CONDORCET ET LA RÉVOLUTION

« Condorcet, proscrit avec les Girondins… s’empoisonne lui-même en se voyant arrêté. Cette fin malheureuse et les circonstances touchantes qui l’accompagnèrent… ont pu recouvrir les torts de ses dernières années, et faire remonter peu à peu son nom au rang d’où il n’aurait jamais dû le laisser déchoir. Mais qu’on sache bien que c’est là finalement une amnistie, et qu’on n’essaie point d’en tirer une apothéose. » Cette conclusion de l’article si pénétrant que Sainte-Beuve consacrait naguère à Condorcet, se trouverait aujourd’hui doublement en défaut. Car d’abord on n’est plus bien sûr que Condorcet se soit empoisonné. Dans son livre sur Condorcet et la Révolution française[1], M. L. Cahen montre fort bien que la tradition généralement acceptée, et que personne ne s’était encore avisé de mettre en doute, ne s’appuie sur aucune preuve ; et c’est apparemment la partie la plus neuve de son travail. On sait que, pendant neuf mois, Condorcet était resté caché dans cette maison de la rue des Fossoyeurs (actuellement rue Servandoni), où Mme Vernet lui donnait une si courageuse hospitalité. Le 25 mars 1794, ayant des raisons de croire que le secret de la maison était découvert, il partait vêtu d’une carmagnole et d’un bonnet, de laine. Il espérait trouver asile chez les Suard, à Fontenay aux Roses.
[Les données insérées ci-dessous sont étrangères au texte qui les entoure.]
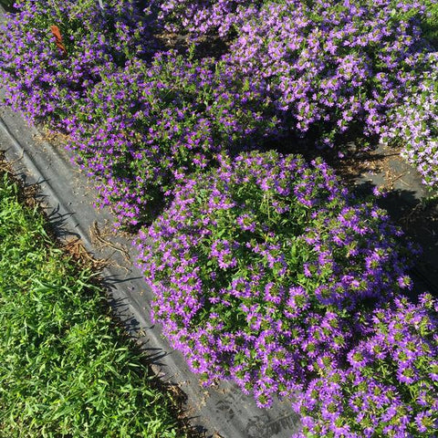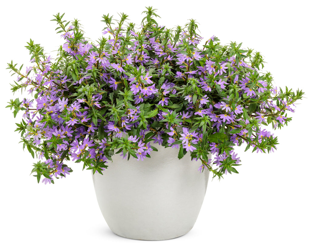 A stunning display of fan-shaped, vibrant blue flowers that bloom profusely from spring through fall. This heat-tolerant and drought-resistant plant has a trailing habit, making it perfect for hanging baskets, window boxes, and mixed containers.
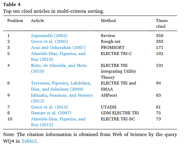 Το άρθρο των Καθηγητών του Πολυτεχνείου Κρήτης Κωνσταντίνου Ζοπουνίδη και Μιχάλη Δούμπου: «Zopounidis, C. , Doumpos, M. (2002) Multicriteria classification and sorting methods: A literature review, European Journal of Operational Research, 138 (2), 229-246», αναφέρθηκε ως πρώτο στα δέκα καλύτερα από άποψη βιβλιογραφικών ετεροαναφορών.

Les Suard lui fermèrent leur

  1. Condorcet et la Révolution française, par M. L. Cahen, 1 vol. in-8o (Alcan). — Condorcet guide de la Révolution française, par M. Franck Alengry, 1 vol. in-8o (Giard et Brière. — Les Grands éducateurs : Condorcet, par M. Francisque Vial, 1 vol. in-16 (Delaplane).